Disability groups cautious over long-awaited bill
First published in December 2001, the bill was hastily withdrawn by the Government after it received severe criticism from the disability sector for failing to guarantee any of the rights it was claiming to offer.
Although the new version of the bill is understood to offer a form of access to the courts in order to guarantee rights, disability campaigners and groups last night remained cautious.
National Association for the Mentally Handicapped of Ireland (NAMHI) general secretary Deirdre Carroll said she was unsure how far the Government would go.
"We haven't seen anything yet. We're glad the time has finally arrived after two years and nine months. Hopefully, the public attention given to the issue will make the Government more cautious this time," she said.

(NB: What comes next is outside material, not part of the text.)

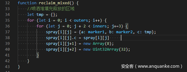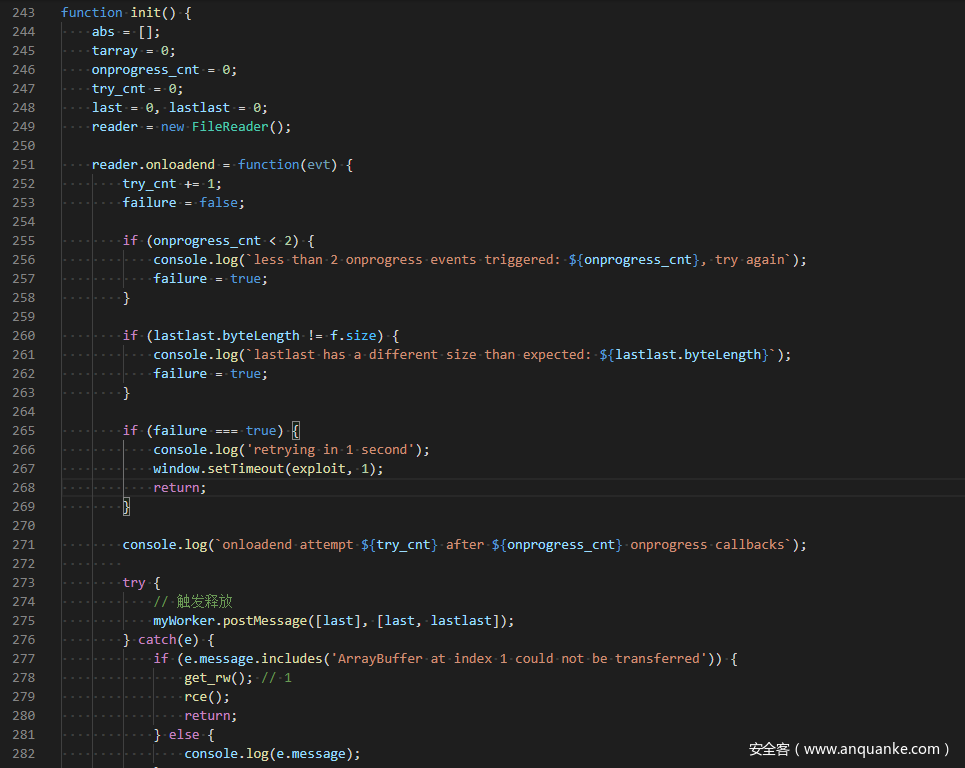调用FileReader.readAsArrayBuffer,将触发多个onprogress事件,如果事件的时间安排正确,则最后两个事件可以返回同一个ArrayBuffer。通过释放其中一个指针来释放ArrayBuffer那块内存,后面可以使用另一个悬挂指针来引用这块内存。然后通过将做好标记的JavaScript对象(散布在TypedArrays中)喷洒到堆中来填充释放的区域。

However Ms Carroll warned that any resources put behind the bill would have to be substantial to address the huge inequalities suffered by the disabled.
"The ESRI report on poverty last week highlighted the small amount spent on social protection on people with disabilities. It was one of the lowest in Europe and we must look at the bill in that context too," she said.
Other groups, including the National Disability Authority, have also warned that a commitment to include an assessment of needs in the new legislation must be backed up by measures to ensure those needs are met and accompanied by adequate funding to do so.
The minister responsible for the bill, Willie O'Dea, has already indicated that a commitment to multi-annual funding for the bill's implementation has been secured from the Department of Finance.
And tomorrow's bill is understood to include a three-pronged approach to guaranteeing rights culminating in a proposed tribunal system.
After a person's needs are assessed independently, a formal statement of those needs will be drafted and any need then provided for.
If still unhappy, a person could then go before a statutory tribunal run by the Department of Social and Family Affairs and onwards to the circuit courts if needs are still not met.
But speaking at the weekend Labour leader Pat Rabbitte predicted the bill would be "entirely devoid of any commitment to rights."
"Publication will be accompanied by a public relations barrage about extra money for the disability sector. A sector that has been starved of resources in recent years, to the point where most service providers have profound difficulties in dealing with extreme emergencies, will be bludgeoned into welcoming a bill that will fall far short of what people with disabilities have been promised for their long-term futures," he said.